Labour manifesto should rule out ‘creeping privatisation of NHS’ – John Swinney

Labour manifesto should rule out ‘creeping privatisation of NHS’ – John Swinney

Labour’s manifesto must rule out the “creeping privatisation agenda” for the health service, John Swinney has said.

With Labour set to unveil its manifesto in Manchester on Thursday, the SNP leader said Labour’s shadow health secretary Wes Streeting is a “clear and present danger” to the NHS.

On Wednesday, Scottish Labour leader Anas Sarwar said his party will “never, ever” privatise the NHS.

But he also said Labour would not rule out using the capacity available in the private sector to drive down waiting lists.

The First Minister said SNP MPs would bring forward a Bill to protect the public ownership of the NHS, calling on Labour to back their plans.

Mr Swinney said: “The future of the NHS is a crucial issue in this election – and Labour must use their manifesto launch to U-turn on the creeping privatisation agenda set out by Wes Streeting, and commit to backing the SNP’s Bill to ensure the NHS is always in public hands.

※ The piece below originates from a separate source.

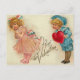 Cette merveilleuse image victorienne vintage provient de ma collection de vieux papiers et d'images. Ce petit garçon qui présente son coeur à la mignonne petite fille. Je pense que les rubans sont censés être patriotiques, même si les rubans sont roses, blancs et bleus plutôt que rouges. Une façon douce d'envoyer vos voeux de Saint Valentin.

“By carving up England’s NHS and – in his words – ‘holding the door wide open’ to private interests, Wes Streeting is not even hiding his intentions.

“Unless they change course, it is clear that Keir Starmer and Wes Streeting represent a clear and present danger to the NHS.”

He continued: “That a Labour health secretary in waiting is making these Thatcherite arguments shows just how far Labour have strayed from Scotland’s values.

“The SNP’s Bill to keep the NHS in public hands would be our health service’s immunity to Westminster’s creeping privatisation – and if Keir Starmer was not intending on pursuing a privatisation agenda, he would make clear that he supports us.

“The fact he has not yet done so speaks volumes – he now needs to use the launch of his manifesto to back the SNP’s plans, or it will be very clear what Labour has in store for our NHS.

“The SNP will always put Scotland’s values first at Westminster – and nothing could be more important than ensuring our NHS is always kept in public hands.”